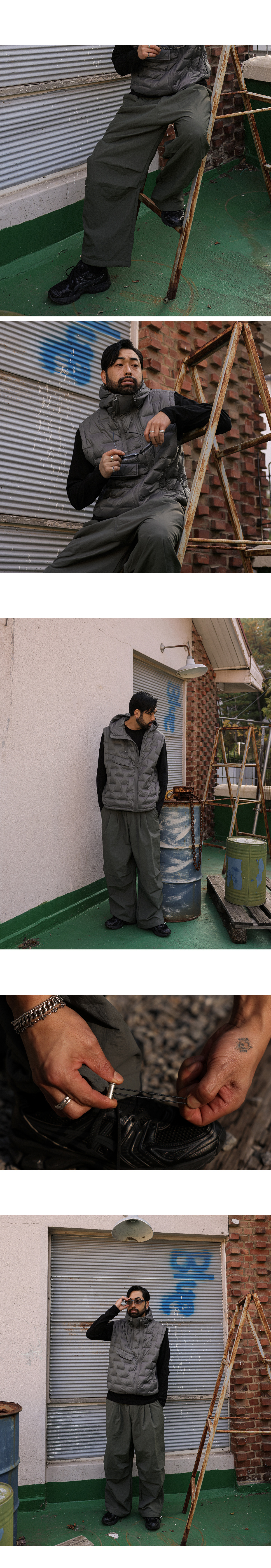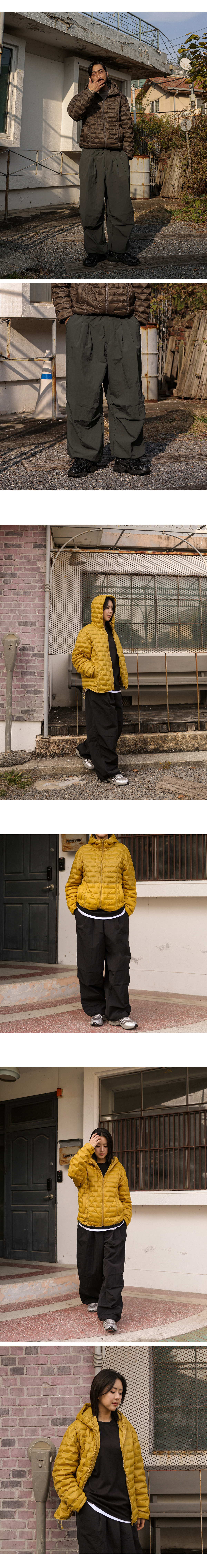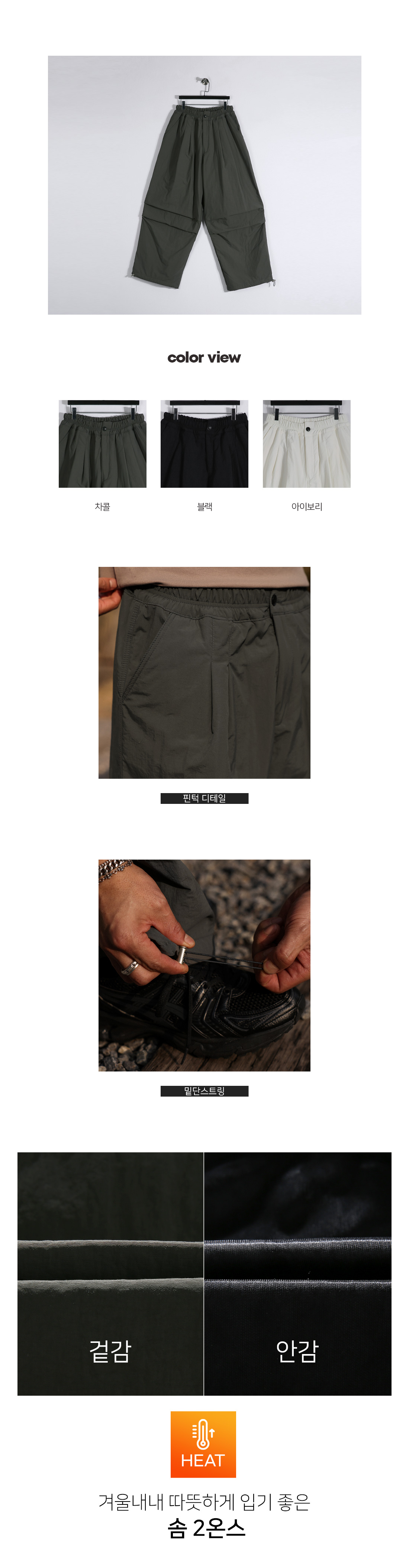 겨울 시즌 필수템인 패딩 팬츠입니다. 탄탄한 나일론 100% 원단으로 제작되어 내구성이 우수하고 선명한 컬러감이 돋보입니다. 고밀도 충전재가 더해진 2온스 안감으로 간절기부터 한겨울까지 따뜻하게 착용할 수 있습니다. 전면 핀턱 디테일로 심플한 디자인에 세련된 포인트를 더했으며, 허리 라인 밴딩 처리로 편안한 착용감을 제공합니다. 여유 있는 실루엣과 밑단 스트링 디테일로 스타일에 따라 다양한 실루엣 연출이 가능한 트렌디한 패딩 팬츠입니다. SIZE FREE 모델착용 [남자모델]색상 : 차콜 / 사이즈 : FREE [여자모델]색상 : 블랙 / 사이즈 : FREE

--

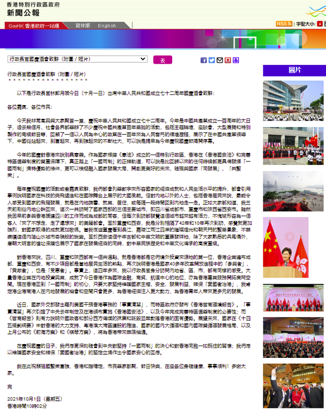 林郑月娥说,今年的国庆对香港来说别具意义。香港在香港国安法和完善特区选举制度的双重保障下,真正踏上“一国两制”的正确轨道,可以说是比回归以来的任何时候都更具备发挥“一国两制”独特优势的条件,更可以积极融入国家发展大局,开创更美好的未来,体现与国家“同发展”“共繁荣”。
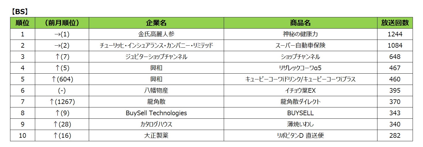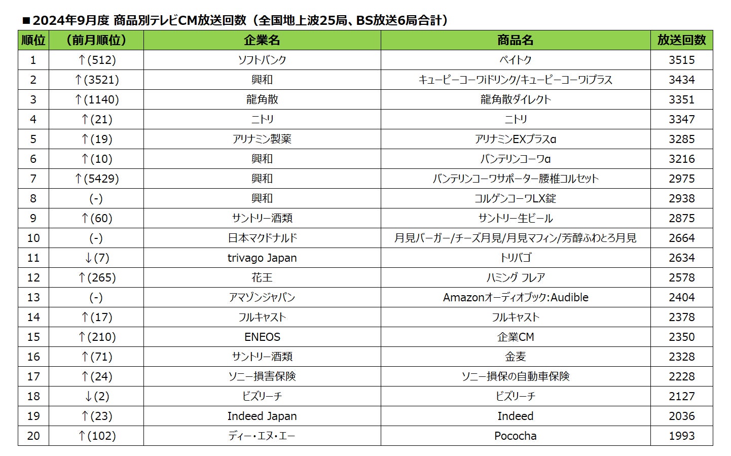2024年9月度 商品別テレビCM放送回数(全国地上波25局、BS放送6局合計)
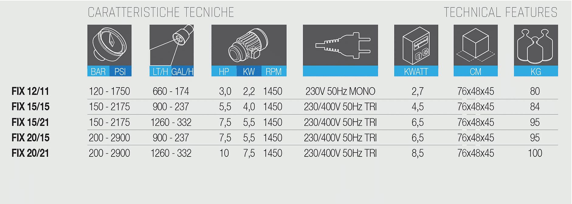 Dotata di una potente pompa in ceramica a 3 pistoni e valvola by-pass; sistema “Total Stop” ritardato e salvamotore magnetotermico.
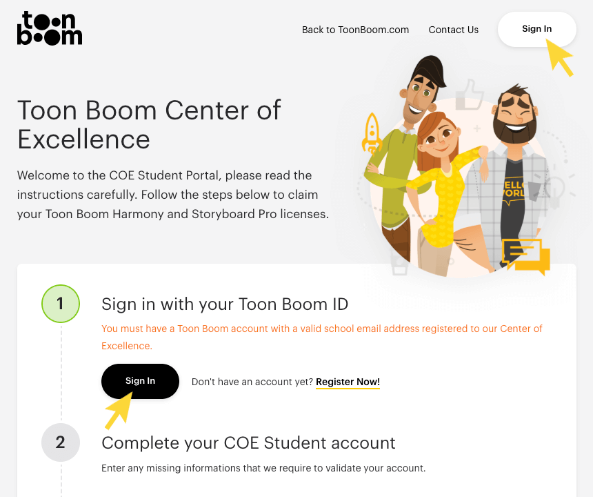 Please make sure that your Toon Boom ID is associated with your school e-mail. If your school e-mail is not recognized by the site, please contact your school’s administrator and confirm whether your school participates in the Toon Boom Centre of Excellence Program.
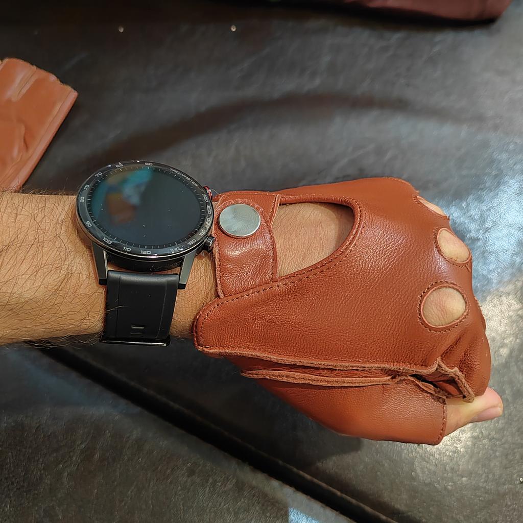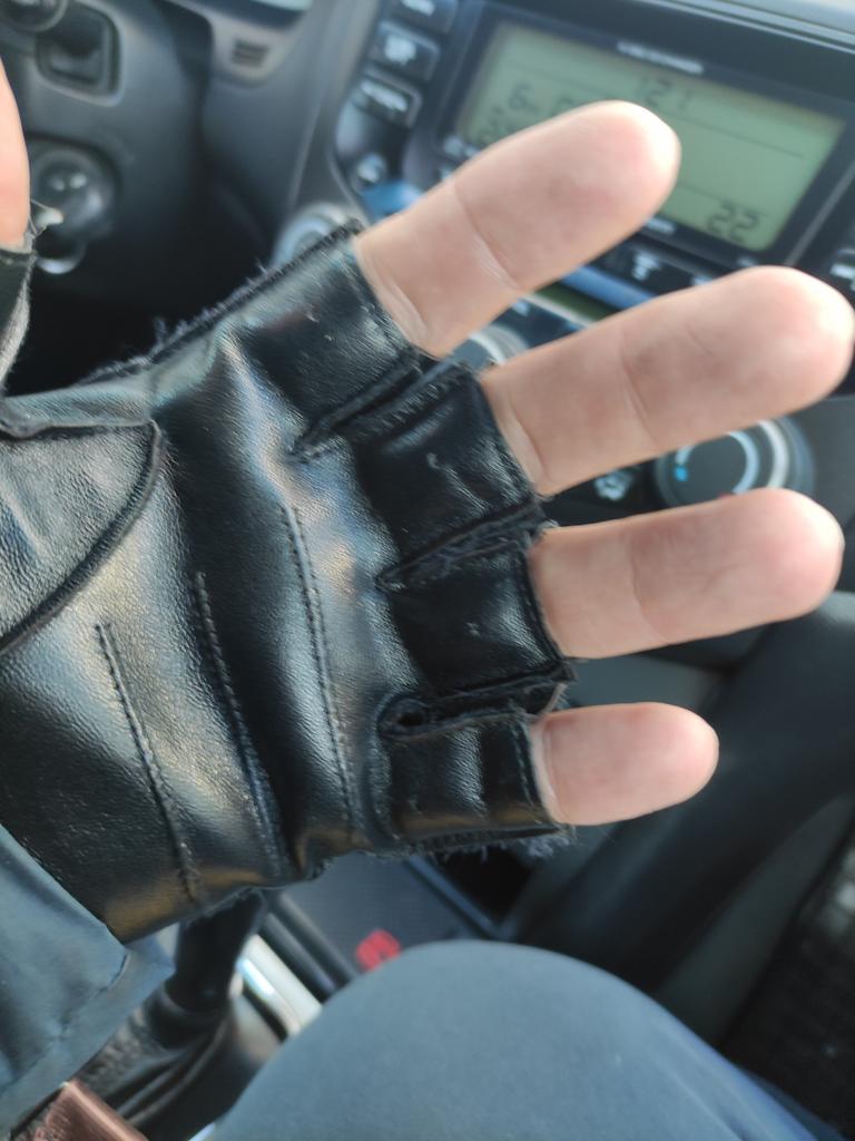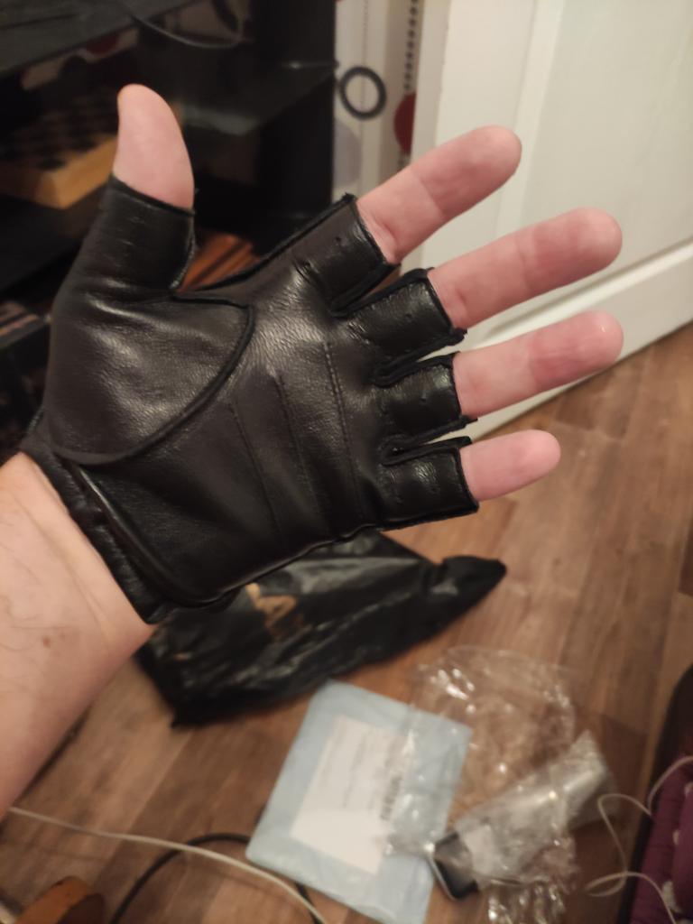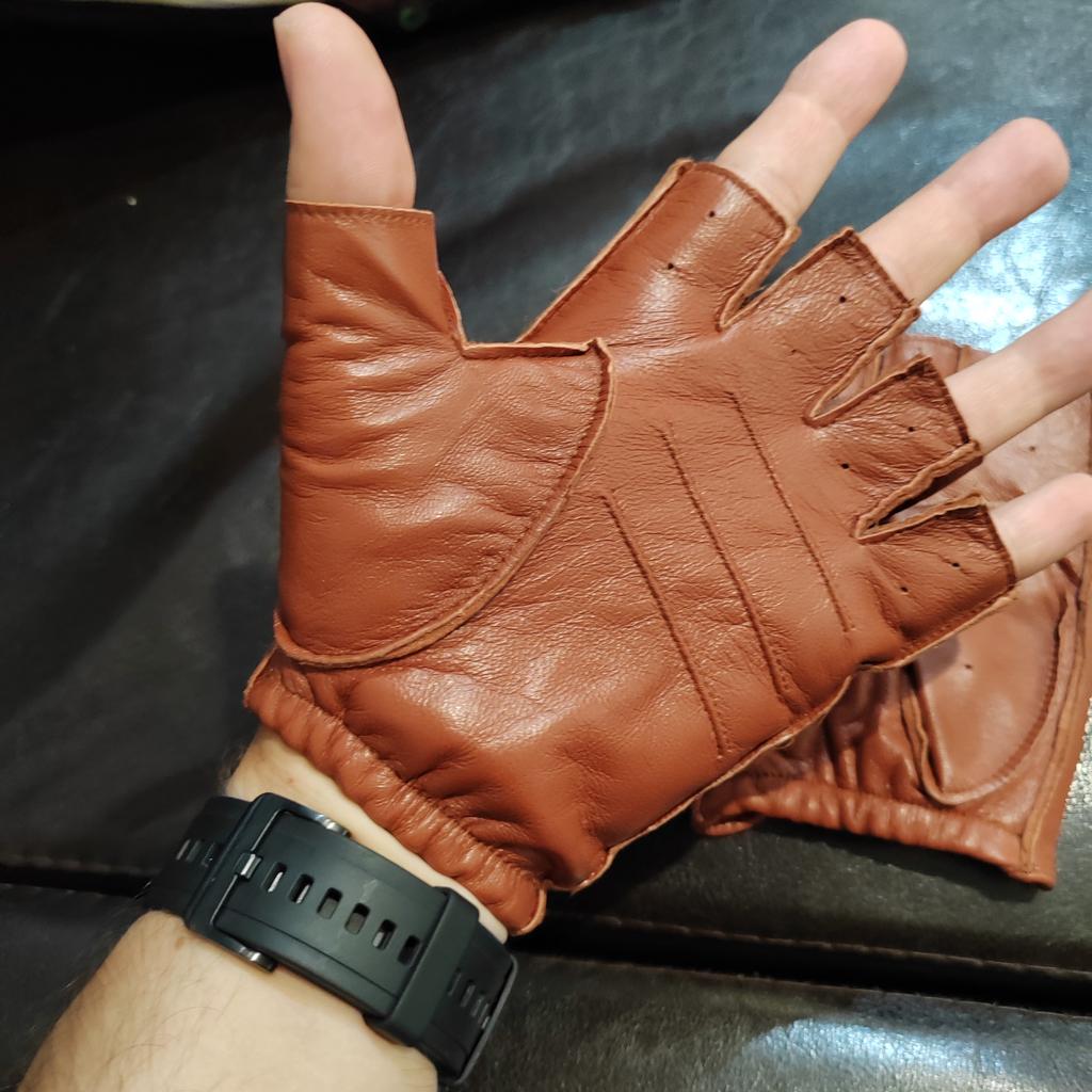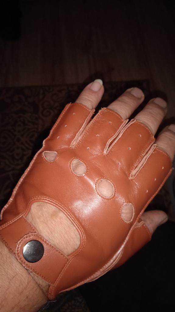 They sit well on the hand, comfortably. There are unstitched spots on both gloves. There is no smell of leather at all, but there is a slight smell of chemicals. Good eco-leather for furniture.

Exercise:
Going by the data above, the answer is exactly the lines from the one holding "2024年9月度 商品別テレビCM放送回数(全国地上波25局、BS放送6局合計)" to the one holding "They sit well", both kept, with the pictures left out.

Completed task:
2024年9月度 商品別テレビCM放送回数(全国地上波25局、BS放送6局合計)
 Dotata di una potente pompa in ceramica a 3 pistoni e valvola by-pass; sistema “Total Stop” ritardato e salvamotore magnetotermico.
 Please make sure that your Toon Boom ID is associated with your school e-mail. If your school e-mail is not recognized by the site, please contact your school’s administrator and confirm whether your school participates in the Toon Boom Centre of Excellence Program.
 They sit well on the hand, comfortably. There are unstitched spots on both gloves. There is no smell of leather at all, but there is a slight smell of chemicals. Good eco-leather for furniture.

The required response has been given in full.